I had finally gotten used to a constantly updated stream of posts and status updates; I had mastered the art of ‘hiding’ former flames, and Farmville fanatics from insulting my perusal of what constitutes my gathering of news. Not to mention that the alternative option of a live news feed seems altogether unwieldy. Now we are asked to sift through our friends’ event acceptance and friend confirmations in addition to the photos, messages, and posts we may actually care about? Nevertheless, positive things can be taken from every ‘improvement.’ If it hadn’t been for the new live feed, I may have never been made aware of the Leonid Meteor Shower.

I know you’re with me on this. More than two million people have been invited to view it, so I imagine that it’s made its way across your feed at least once or twice. Since reading is apparently a challenge for me, a writer and publishing professional, the first few times I ignored the ‘-er’ and assumed it was some kind of show for a band or artist. The first few friends Facebook told me were attending were all from the DC area, so I assumed it was something to be ignored. But over the course of a week it seemed to be showing up more and more, and now New York friends were attending as well. So I shook off my adult onset dyslexia, and actually clicked on the event link and learned about this amazing occurrence.

Growing up, I was fascinated by the idea that Halley’s comet only came around maybe once in our lifetime. It’s fabled that Mark Twain was born the same month the comet passed in 1835 and died the same month it passed 75 years later. The Leonids pass by more frequently, about every 33 years, but that still offers a few precious chances to see them. To think that I would have been wholly unaware of their existence if it hadn’t been for Facebook is also kind of sad, but luckily the relentless news feed wouldn’t let me ignore it forever.

No matter how many updates they make to the News Feed it will always be an instrument of torture in some ways. There will still be boys I want to block or hide, exes I wish had become grossly obese if they insist on being happy in new relationships, and crushes who’s cuteness will continue to flatten my spirit. But like this event, whose popularity among my friends demanded my attention, Facebook will also remind of us opportunities we may have initially missed to live or love.

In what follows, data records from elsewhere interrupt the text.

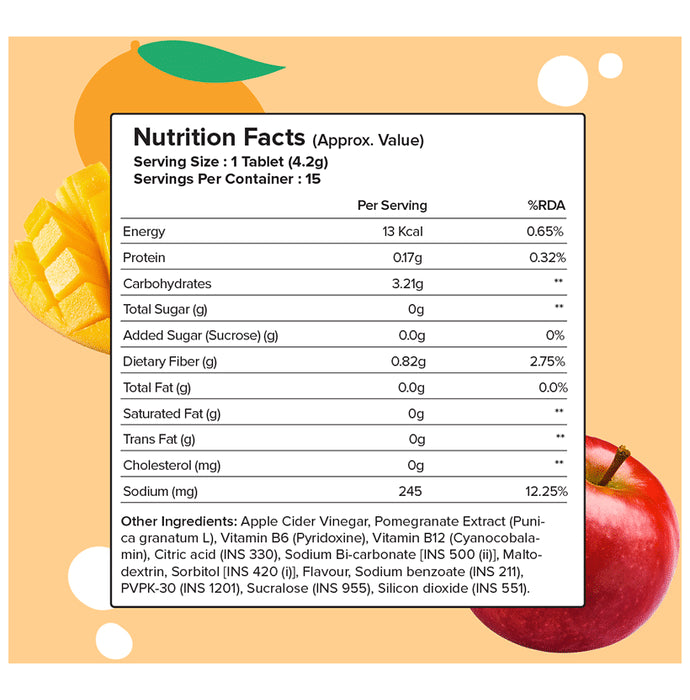 Composition : 500mg ACV with 6% Acetic Acid, Pomegranate, Vitamin B6 (Pyridoxine), Vitamin B12 (Cyanocobalamin), Citric acid (INS330) Sodium Bicarbonate, Maltodextrin, Sorbitol, Sodium Benzoate, Silicon dioxide.
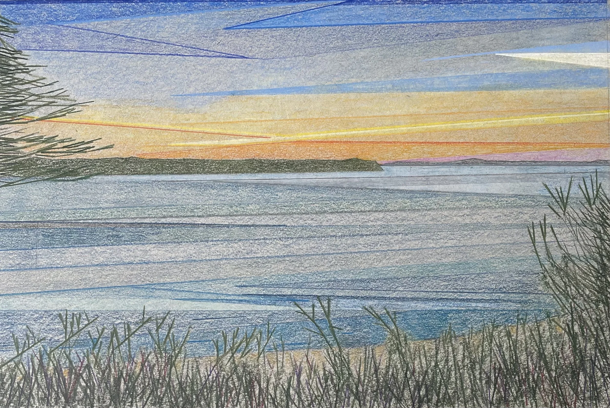 I am an artist primarily drawing on paper and I especially enjoy experimenting with how line and colour come together in small to medium scale seascapes and landscapes.
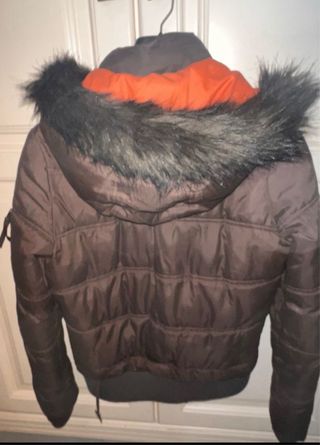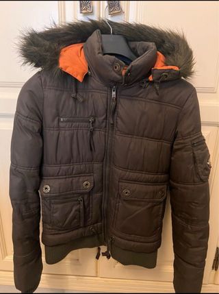 Chaquetón de invierno con capucha desmontable y forro interior naranja. - Cierre de cremallera. - Bolsillos frontales con solapa y cremallera. - Puños elásticos. - Detalle de pelo sintético en la capucha. -pequeño defecto última foto
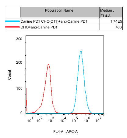 | Canine PD1 CHO 細(xì)胞,在 CHO-K1 細(xì)胞的基礎(chǔ)上,穩(wěn)定表達(dá)犬的 PD1。 | |
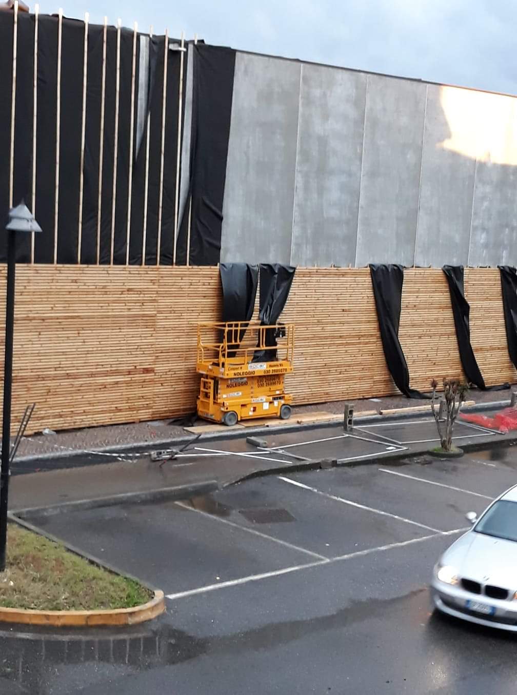 Danni anche alla nuova struttura della scuola, dove il vento ha rovesciato le transenne e le fasce nere posizionate sulla struttura.
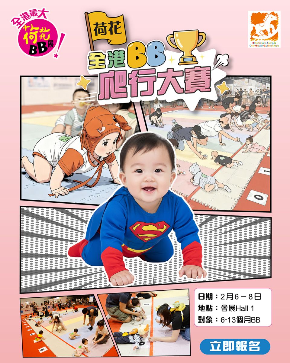 最大型的荷花BB爬行比賽是一個難忘的親子體驗,每節小組中最快完成賽事的BB將獲得冠亞季軍的殊榮,所有參加BB亦可獲證書和豐富禮品,今年更特設特設「超級英雄派對」,為BB穿上超級英雄造型,可獲得額外小禮物。所有完成比賽的BB 亦可到「爬行拍照區」,於「英雄漫畫格」的背景前體驗免費專業拍照,更可免費獲得4R照片乙張。

Early this morning was the peak time to view the stream of meteors, but if you missed it, it is expected to continue tonight. I would think that most of you reading this will still be around when they come back in a few decades, but when you only have one night to get the best view, who’s to say what may be occupying your time. So stay up late, or set an early alarm. Like me, you may be standing on your roof alone, but millions will be doing the same around the world, and one of those may just be standing with you the next time the Leonids pass us by.

B.B. Nichols lives and works in New York. He has been writing Everybody Does It since 2005.